Ethereals are a pain to a few armies but generally I would ignore them. The threat of daemons and the need to take a high level mage to try to up magic defence to keep them alive means few will run a strong unit of ethereals in small point games.
You might find a few random bases of spirit hosts which are still very annoying but they aren't a threat to your saurus blocks with their +3 static combat res... but might hold you up for a turn or 2.

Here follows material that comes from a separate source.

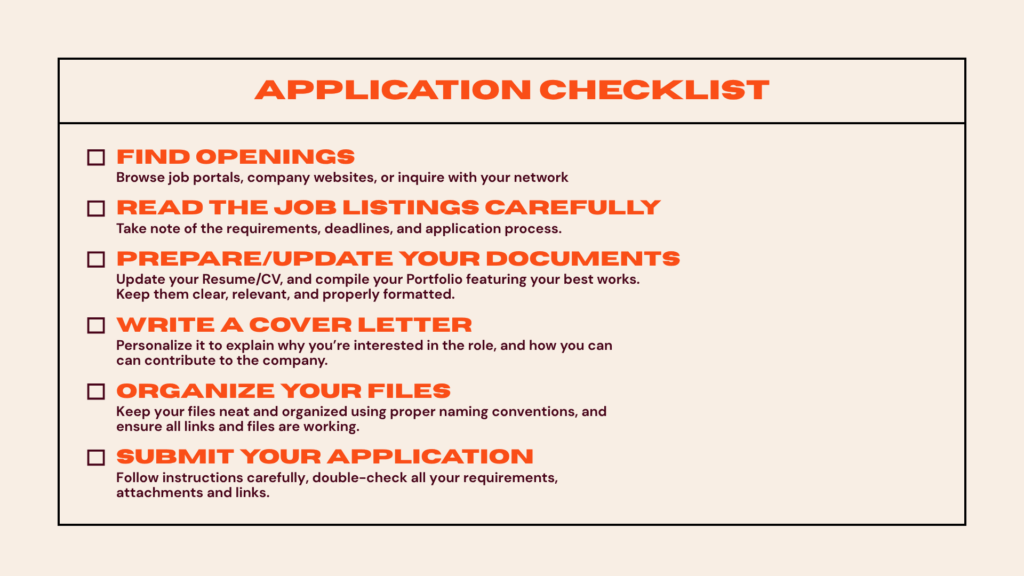 Once you’ve found roles and opportunities that align with your goals and values, it’s time to gear up for that application. But it’s important to remember, it’s more than just submitting requirements; it’s about showing recruiters why you stand out!

If you do face a big unit of ethereals then you can limit the damage a little by hiding the priest in the saurus... but generally you'll lose. All armies have that sort of list that they probably aren't going to beat, its a risk you take and is unavoidable.


----------



## Hasnat (Apr 15, 2012)

Vaz said:


> Don't actually kill them.
> 
> Kill one of the two lone units (I'm guessing Sallies?) for First Blood, then just don't get in combat. Win by "not winning".
> 
> ...


I agree. An army such as Skaven or Vampire Counts can field horde-size units very cheaply and have enough points for powerful hammer units and/or shooting support. This is why Tim/Steve's suggestion of having 2 24-man units is better.



Tim/Steve said:


> first blood is 40k..
> 
> 
> Ethereals are a pain to a few armies but generally I would ignore them. The threat of daemons and the need to take a high level mage to try to up magic defence to keep them alive means few will run a strong unit of ethereals in small point games.
> ...


The most ethereal-heavy force I have come across is a Vampire Counts army with 2 5-man Hexwraith units... downright nasty if played well. However, I know that such lists will have little else of threat to 48 Saurus, so I fed the Hexwraiths with Skinks and the Salamander, and proceeded to charge and decimate the horde given it would take two turns for the Hexwraiths to charge me in the rear and even so, I'd still win if faced with a skeleton horde and ten hexwraiths.


----------